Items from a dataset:
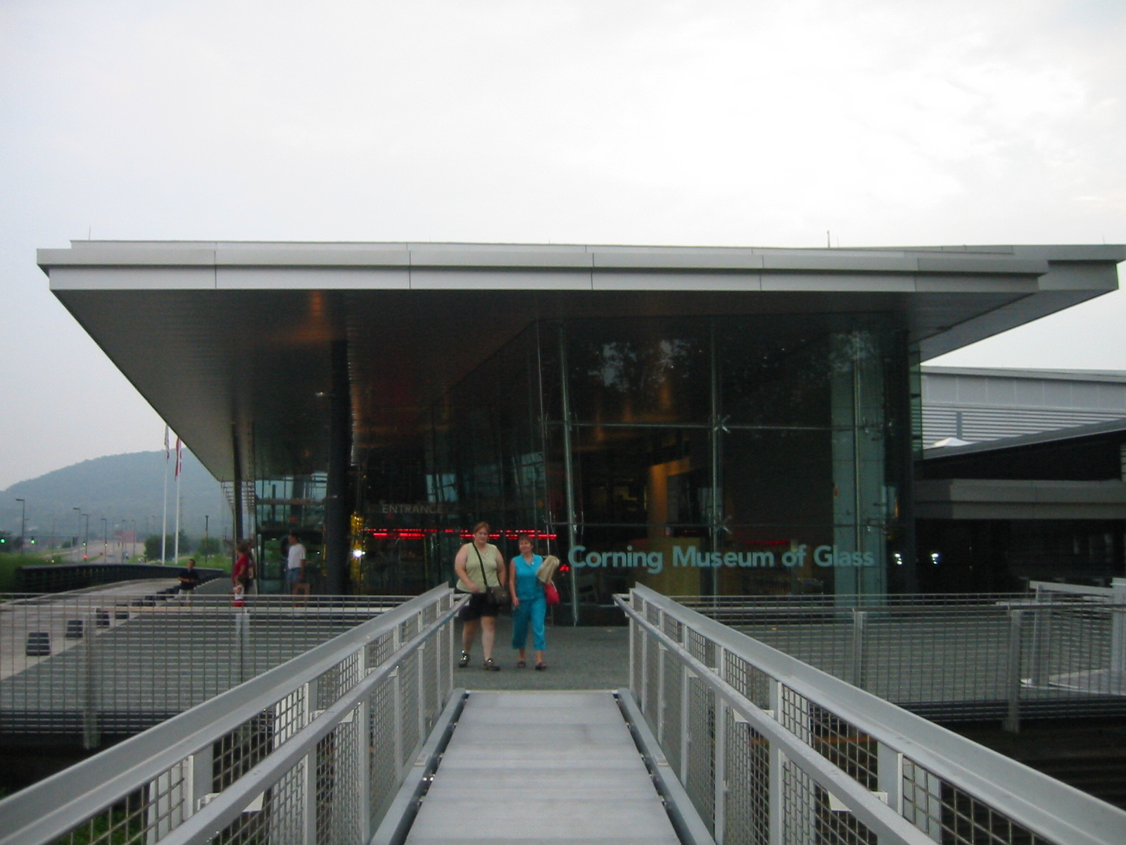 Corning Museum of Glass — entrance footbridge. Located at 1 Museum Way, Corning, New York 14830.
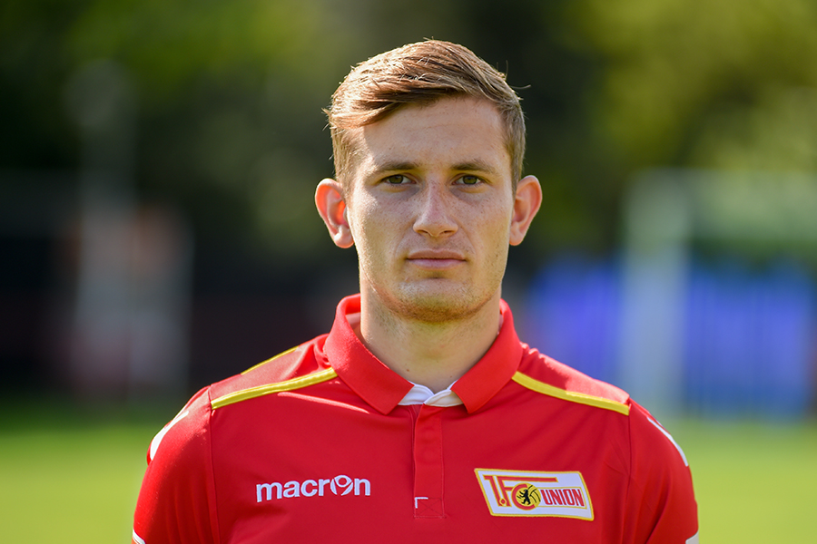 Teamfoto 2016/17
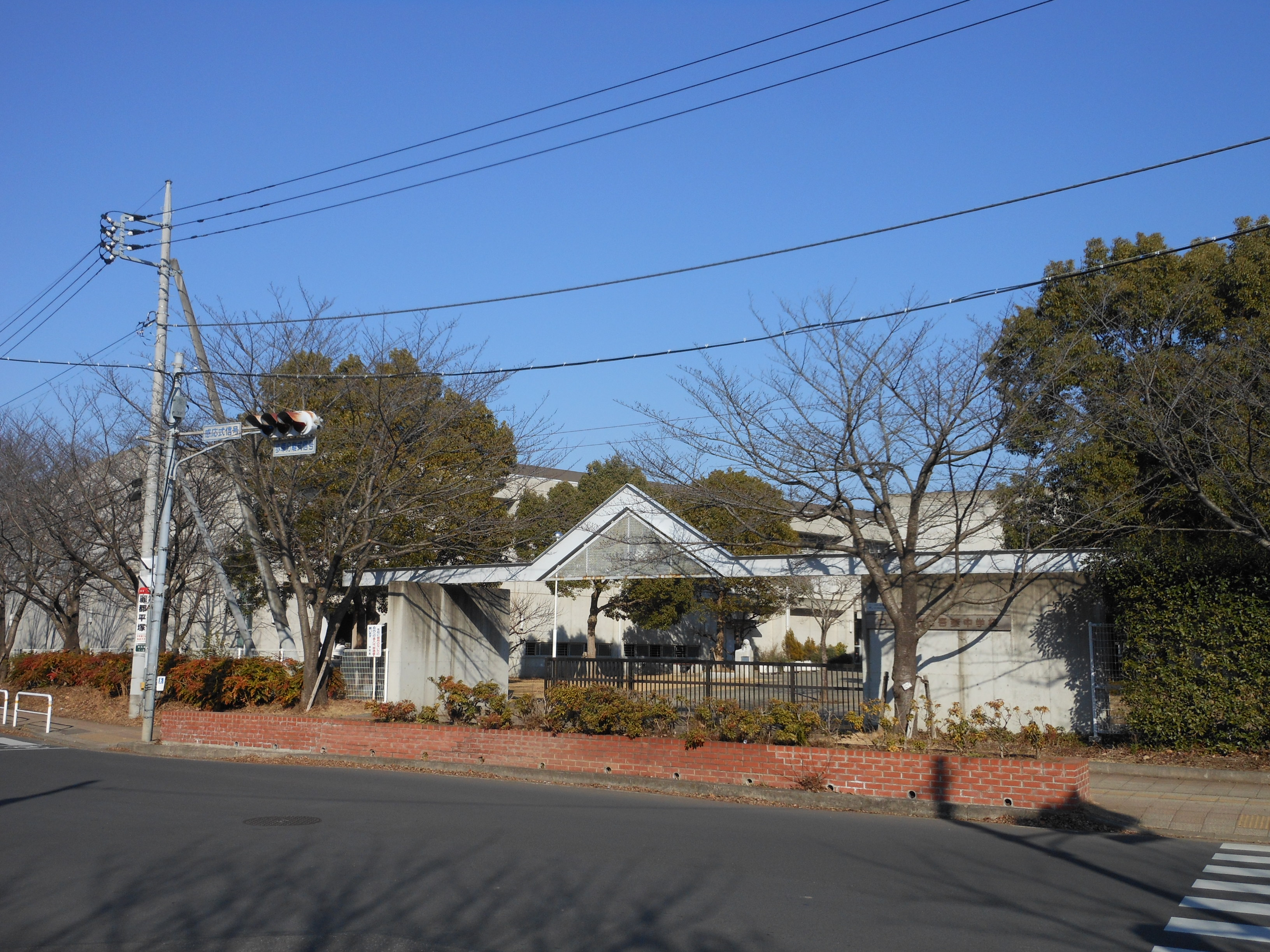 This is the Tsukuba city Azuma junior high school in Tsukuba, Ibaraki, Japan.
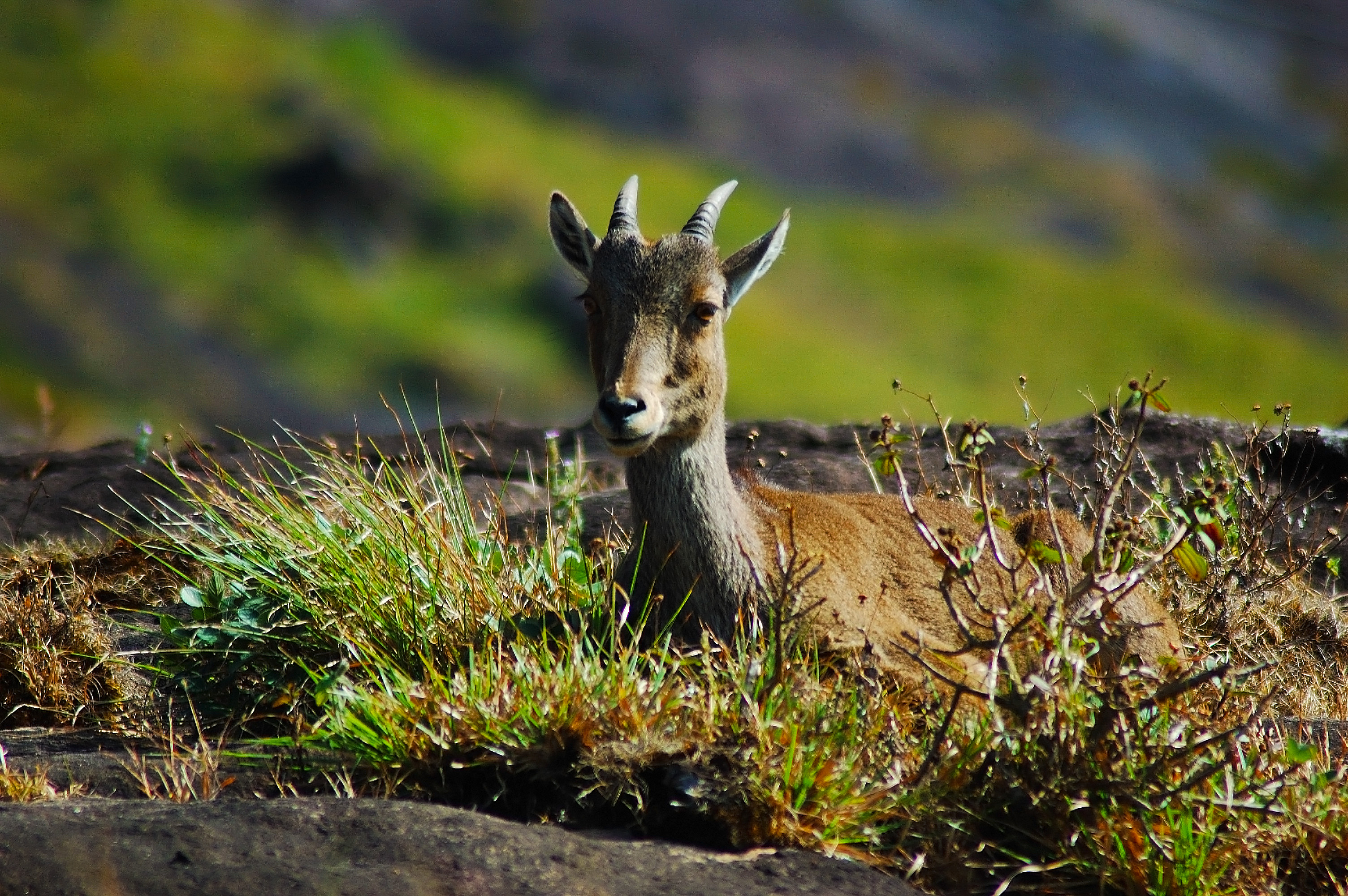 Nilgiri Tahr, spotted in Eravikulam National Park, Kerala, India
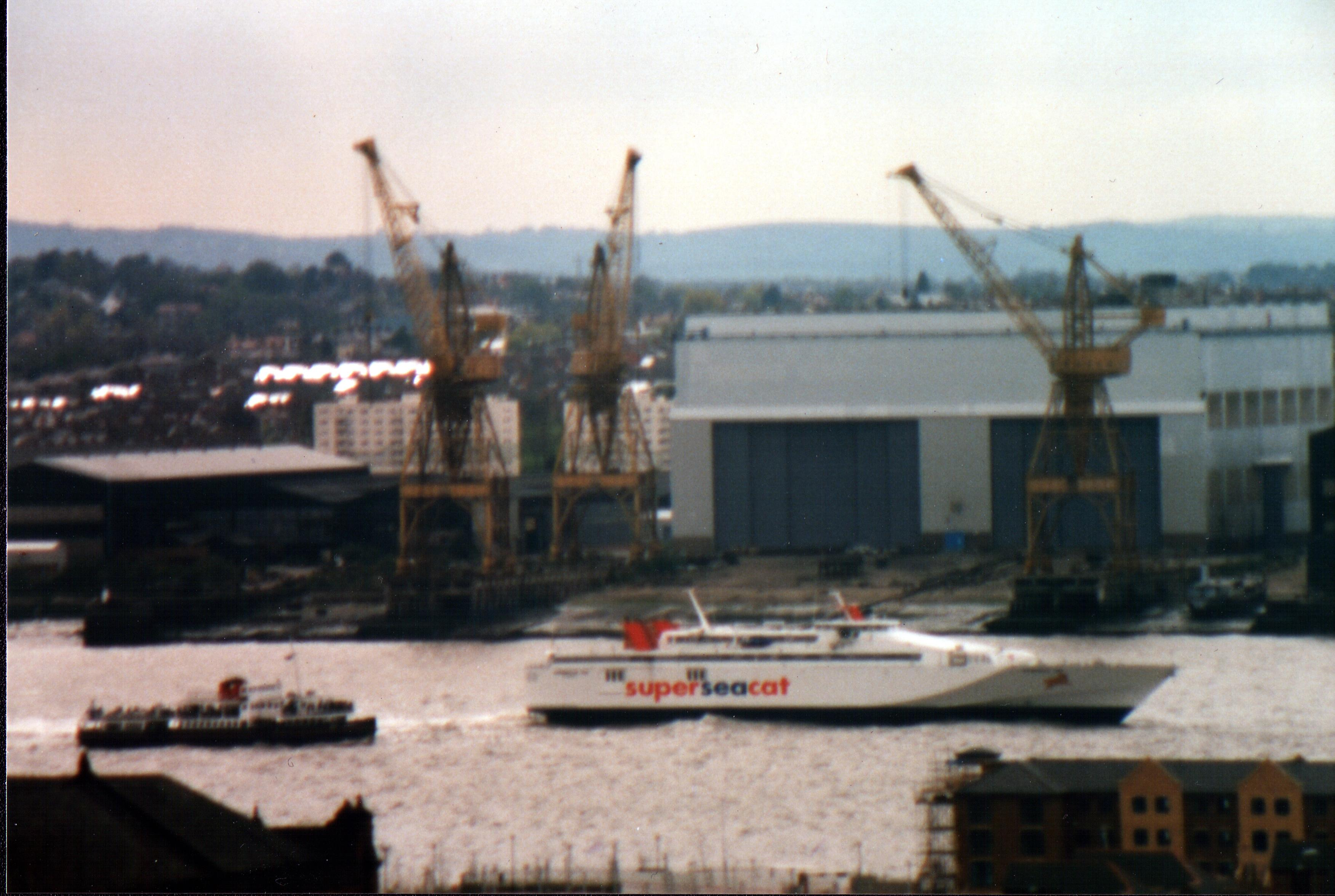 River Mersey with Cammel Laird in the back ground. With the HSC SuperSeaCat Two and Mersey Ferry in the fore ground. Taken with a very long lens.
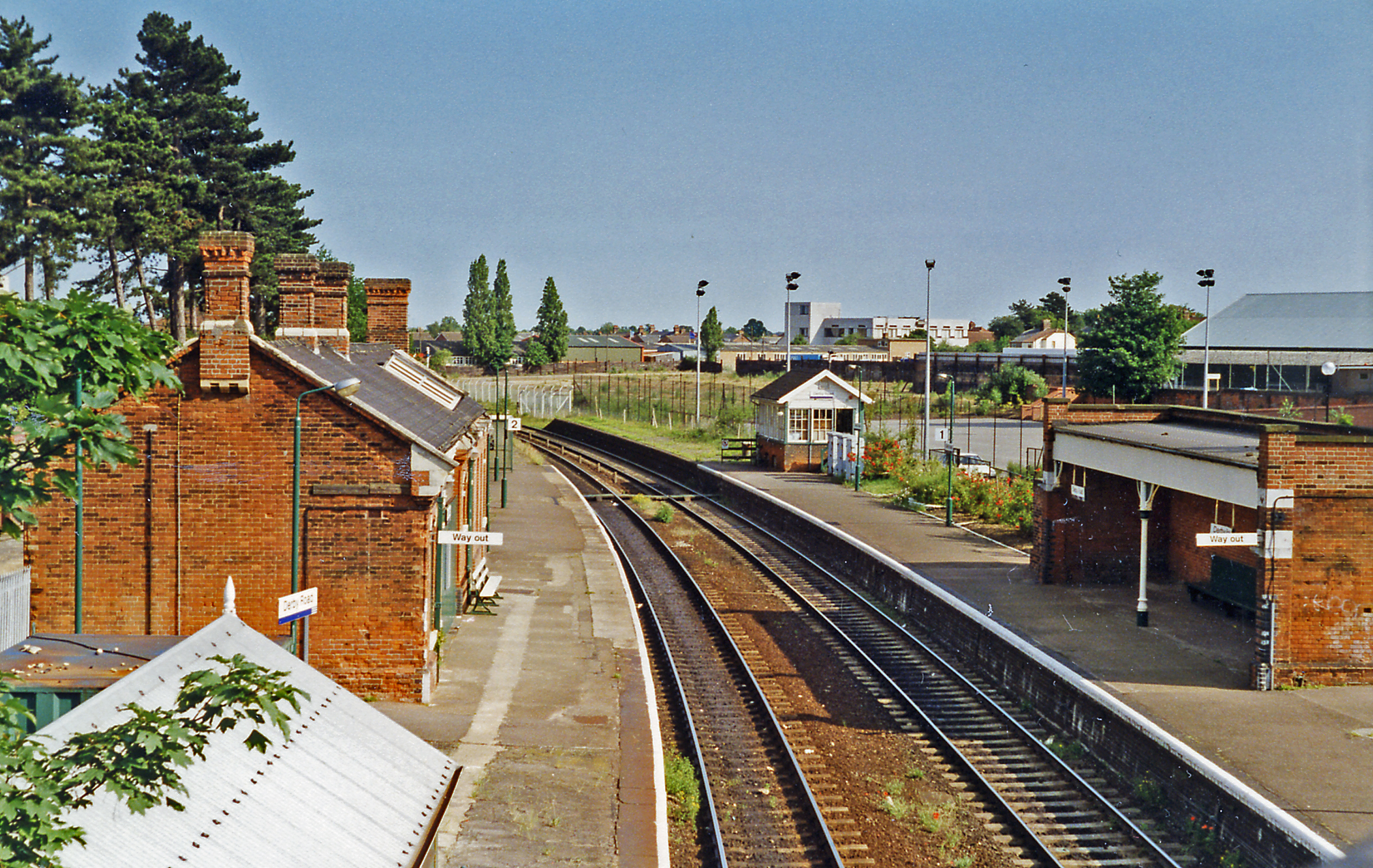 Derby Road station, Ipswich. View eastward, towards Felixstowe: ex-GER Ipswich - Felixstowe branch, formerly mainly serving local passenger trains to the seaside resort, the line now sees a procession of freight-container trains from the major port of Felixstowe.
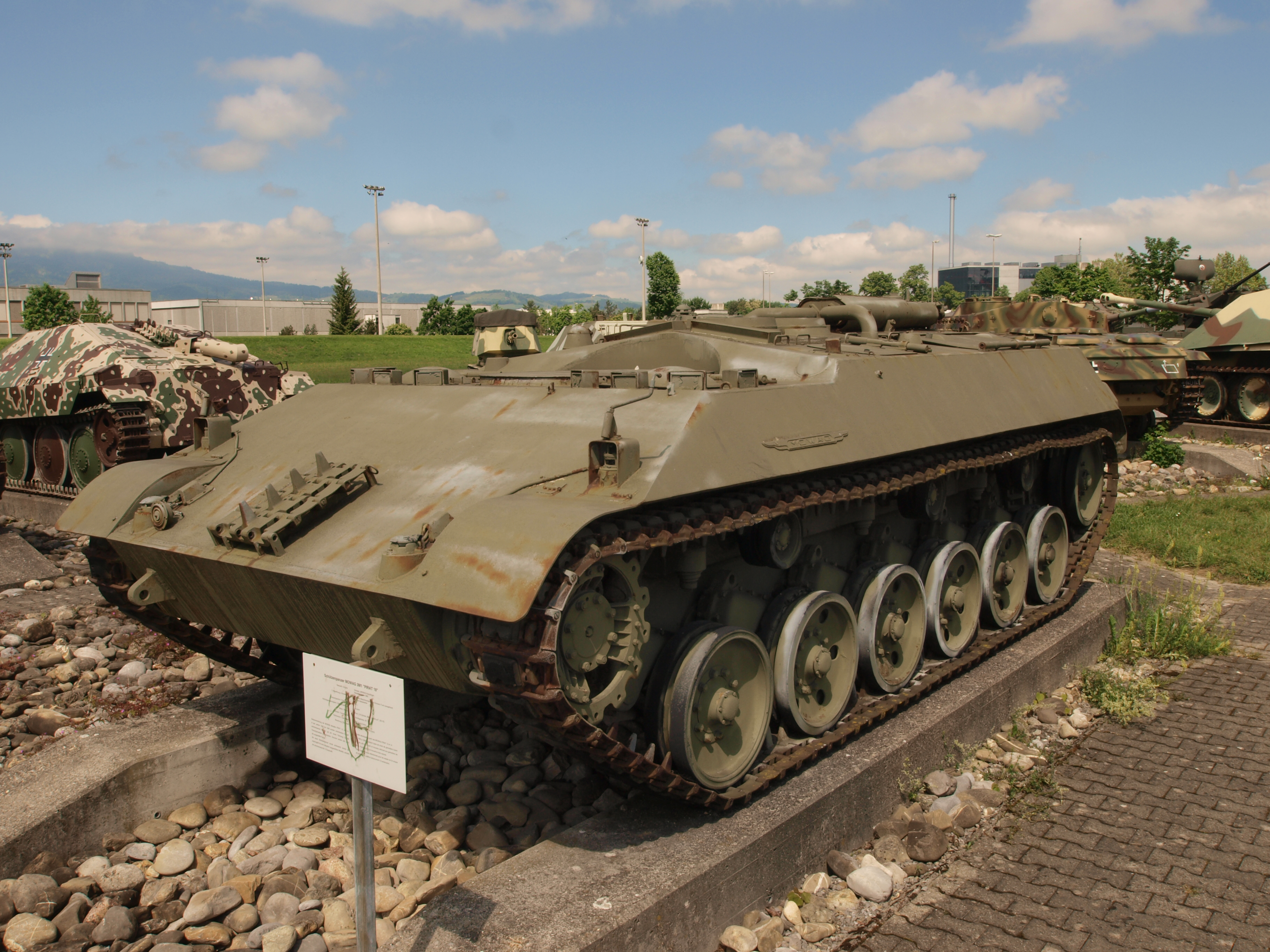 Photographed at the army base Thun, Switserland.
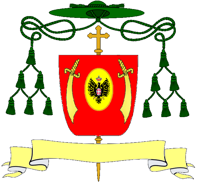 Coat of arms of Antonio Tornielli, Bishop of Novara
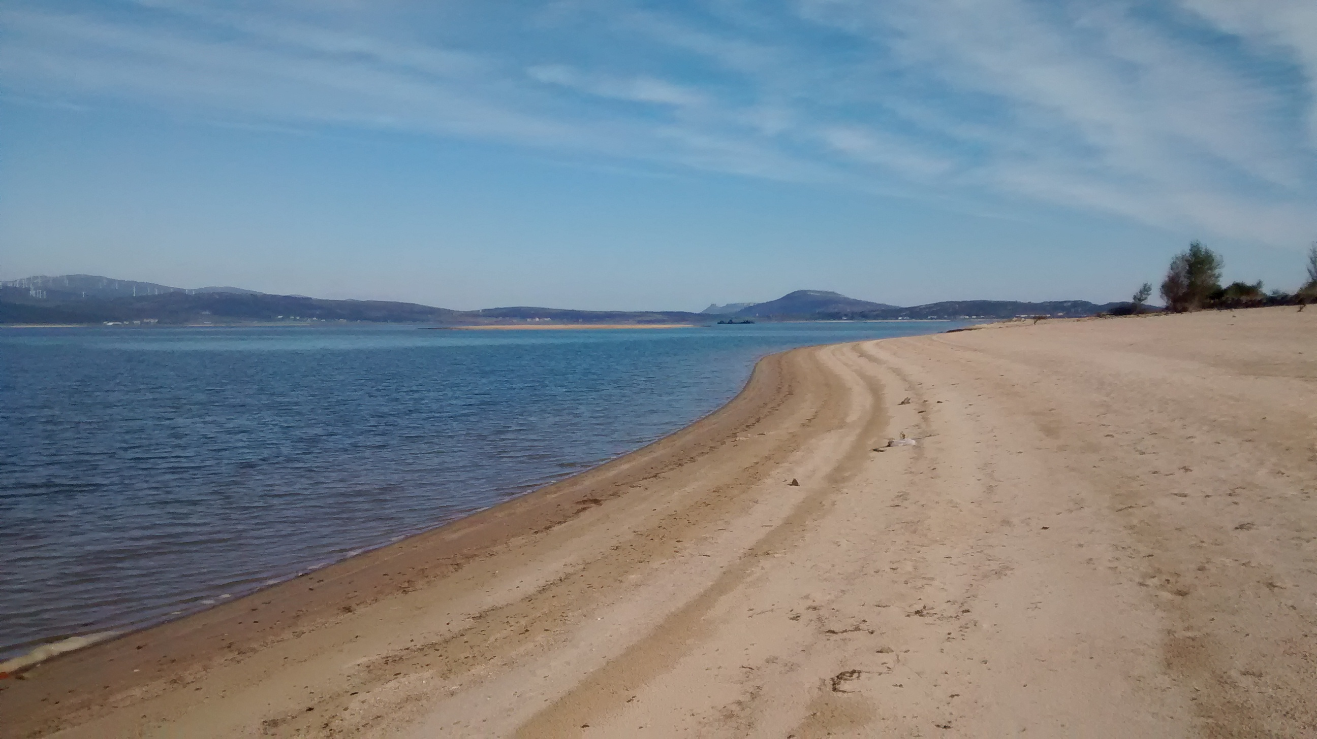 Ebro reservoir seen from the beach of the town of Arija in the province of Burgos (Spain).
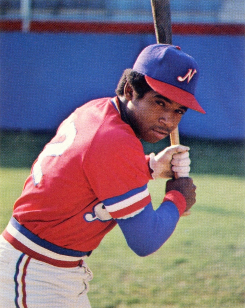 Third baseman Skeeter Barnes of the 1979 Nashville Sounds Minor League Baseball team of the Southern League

TASK GOAL: From the first line above to the last, copy the records exactly but omit the pictures.

RESPONSE:
 Corning Museum of Glass — entrance footbridge. Located at 1 Museum Way, Corning, New York 14830.
 Teamfoto 2016/17
 This is the Tsukuba city Azuma junior high school in Tsukuba, Ibaraki, Japan.
 Nilgiri Tahr, spotted in Eravikulam National Park, Kerala, India
 River Mersey with Cammel Laird in the back ground. With the HSC SuperSeaCat Two and Mersey Ferry in the fore ground. Taken with a very long lens.
 Derby Road station, Ipswich. View eastward, towards Felixstowe: ex-GER Ipswich - Felixstowe branch, formerly mainly serving local passenger trains to the seaside resort, the line now sees a procession of freight-container trains from the major port of Felixstowe.
 Photographed at the army base Thun, Switserland.
 Coat of arms of Antonio Tornielli, Bishop of Novara
 Ebro reservoir seen from the beach of the town of Arija in the province of Burgos (Spain).
 Third baseman Skeeter Barnes of the 1979 Nashville Sounds Minor League Baseball team of the Southern League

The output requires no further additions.